The Croatian Institute of History (Hrvatski institut za povijest), abbreviated as HIP, is a public, non-profit scientific research institute in the field of history of Croatia. The institute was established in 1961 under the name of the Institute for the History of the Workers' Movement in Croatia. The institute is located in Zagreb with one regional branch in Slavonski Brod.

The first director of the institute, in the period between 1961 and 1967, was Franjo Tuđman, who would later become the first president of Croatia.

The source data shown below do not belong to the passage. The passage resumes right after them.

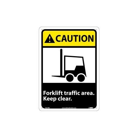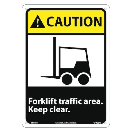 NMC CGA7RB OSHA Sign, Legend "CAUTION - Forklift traffic area. Keep clear." with Graphic, 10" Length x 14" Height, Rigid Plastic, Yellow/Black on White
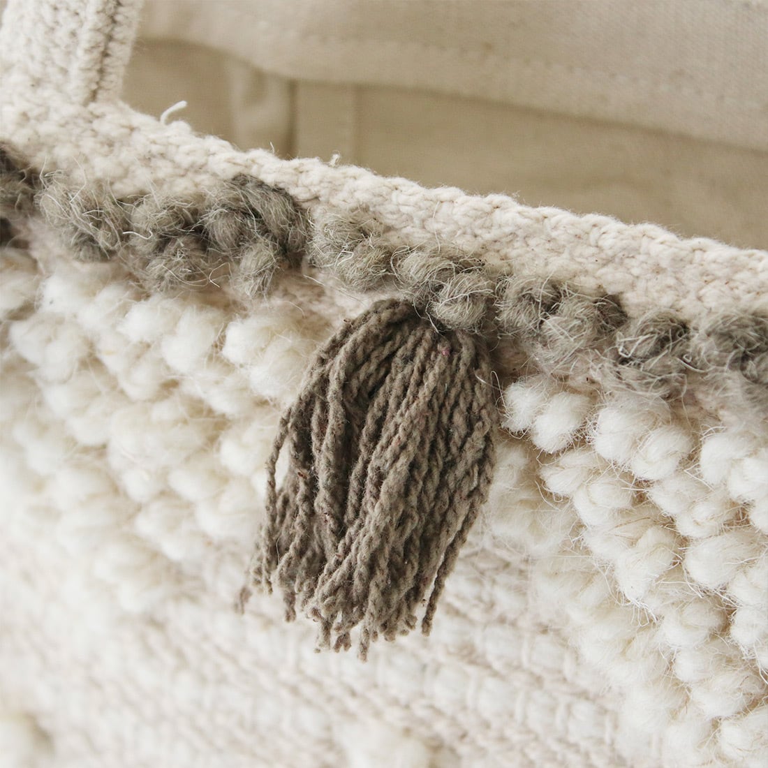 コットンの生地に羊毛(ウール)の玉を手作業で引き出して柄を表現したトートバッグ。
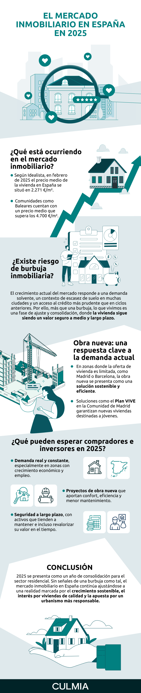 El crecimiento actual del mercado responde a una demanda solvente, un contexto de escasez de suelo en muchas ciudades y un acceso al crédito más prudente que en ciclos anteriores. Por ello, más que una burbuja, lo que vivimos es una fase de ajuste y consolidación, donde la vivienda sigue siendo un valor seguro a medio y largo plazo.
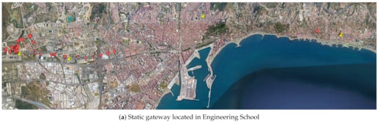 The developed application aims to analyze the operability of LoRa technology in an urban environment, using a hybrid network of concentrator nodes, which means that there are some gateways situated in fixed positions but also there is one mobile concentrator. Furthermore, several wireless sensors (end-devices), of different types, have been mounted on the vehicle that will act as the only mobile node of the network. This mobile node works both acquiring information and as a mobile sink, since it embarks a gateway besides the wireless sensors. LoRa modules have different probes in order to measure various environmental magnitudes from the surroundings of the vehicle and send them to the LoRa Network Server through both the embarked gateway and the static gateways around the city. Some of the LoRa modules include a GPS antenna in order to geo-locate each emitted data packet (current position of the vehicle), so every message sent by the sensor nodes onboard the vehicle can be traced even if they are not received by any static gateway (due to interference problems or obstacles). This serves to ensure that the emitted frames can be associated with an updated geo-localization, since the vehicle position is obtained thanks to a GPS node onboard the car. The goal is to provide coverage to the sensor nodes along the city of Málaga, a mid-sized city (around 500,000 inhabitants) in the Mediterranean coast of Spain. In order to sweep the maximum possible extension of the urban area, several gateways have been strategically placed on the roofs of various buildings, after having studied the distances and possible obstacles along the way. Each of these gateway sites is characterized by being at a different height, in a more or less complex environment and, consequently, have very different visibility. In total, five gateways have been set up in the city, after obtaining the necessary permits (Engineering School, Faculty of Tourism, El Ejido Government Pavilion and the International Spanish Centre, located in the neighborhood of El Palo), as well as the one located inside the vehicle (mobile transmitter/concentrator node). Thus, four fixed gateways and the mobile one have been used. The main goal of the system is to test LoRa technology in an urban environment. In order to do so, this work is structured around two views:

The institute publishes four scholarly journals: Časopis za suvremenu povijest (Journal of Contemporary History), Povijesni prilozi (Historical Contributions) and Scrinia Slavonica in Croatian and Review of Croatian History in English language. The institute employs approximately 70 researchers at its main location in Zagreb, with an additional 20 staff members working at its branch in Slavonski Brod.

== History ==

Current logo of the Croatian Institute of History

The establishment of communist rule after World War II had a dual impact on Croatian historiography, politicizing historical writing with Marxist interpretations while also spurring the growth of new institutions and increasing the number of historians, contributing to the discipline's development. The Institute for the History of Croatian Workers' Movement was established in 1961. It incorporated the Archive for the History of the Workers' Movement, which originated from the archival department of the Central Committee of the Communist Party of Croatia in 1949.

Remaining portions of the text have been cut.